Sapienza: celebrato il ‘’Graduation day’’ degli studenti di medicina

In ritardo di un anno a causa della Pandemia i laureati del 2020 hanno ricevuto il tradizionale ‘’testo di Ippocrate’’.

Hanno potuto lanciare il ‘’tocco’’, il tradizionale cappello nero,  in aria, finalmente, e considerare terminato il lungo percorso della loro formazione accademica.   

Con un gesto liberatorio saturo di energia positiva, gli studenti dei corsi di Medicina che hanno discusso la tesi di laurea durante il lockdown della primavera 2020, hanno festeggiato l’obiettivo raggiunto da protagonisti della prima edizione del Graduation Day celebrato dall’Università La Sapienza.

 La cerimonia si è tenuta all’aperto sul piazzale principale della città universitaria, dominato dall’iconica statua della Minerva di Arturo Martini, e ha coinvolto i laureati delle Facoltà di Medicina e Odontoiatria, Farmacia e Medicina e Medicina e Psicologia, molti dei quali già impegnati nella professione sulla spinta dell’emergenza sanitaria. 

Grande soddisfazione anche per la Magnifica Rettrice Antonella Polimeni che ha consegnato ai nuovi medici, insieme al cappello nero indossato da tradizione durante la proclamazione, il testo del Giuramento di Ippocrate.  

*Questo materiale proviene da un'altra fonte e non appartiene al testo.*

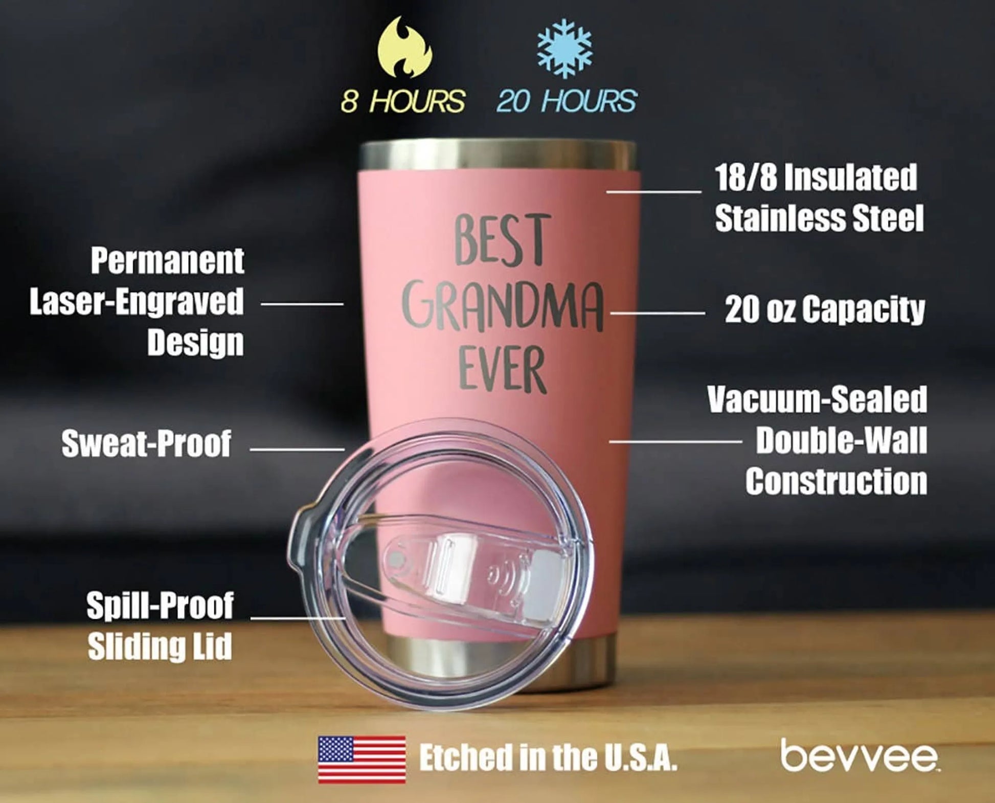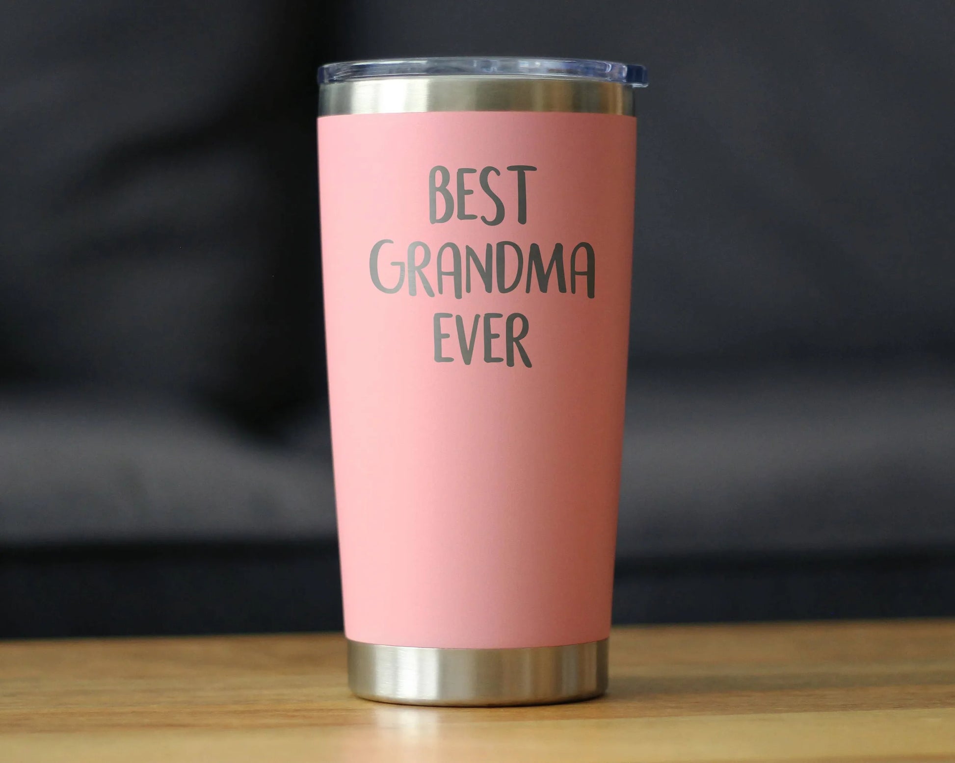 Insulated Coffee Tumbler Cup with Sliding Lid - Best Grandma Ever - 20 oz - Cute Funny Gift for Grandmas
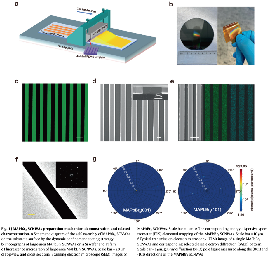 有序的一维钙钛矿单晶纳米线阵列结合了高比表面积、定向电荷传输和机械柔性的优势,通常通过溶液或气相法结合硅、PDMS、光刻胶或氧化铝等模板来控制晶体生长。然而,这些模板的尺寸限制制约了阵列的可扩展性。

Hanno partecipato all’evento il prorettore vicario, Giuseppe Ciccarone, la direttrice generale Simonetta Ranalli, i presidi di facoltà Carlo Della Rocca, Fabio Lucidi, Domenico Alvaro, e il presidente dell’Ordine dei Medici Chirurghi e degli Odontoiatri della Provincia di Latina Giovanni Maria Righetti. 

Al termine del rito, tutti i laureati hanno sottolineato quanto sia importante ritrovarsi in presenza per condividere con colleghi e docenti il traguardo che chiude il capitolo formativo, e  apre una nuova fase della vita adulta.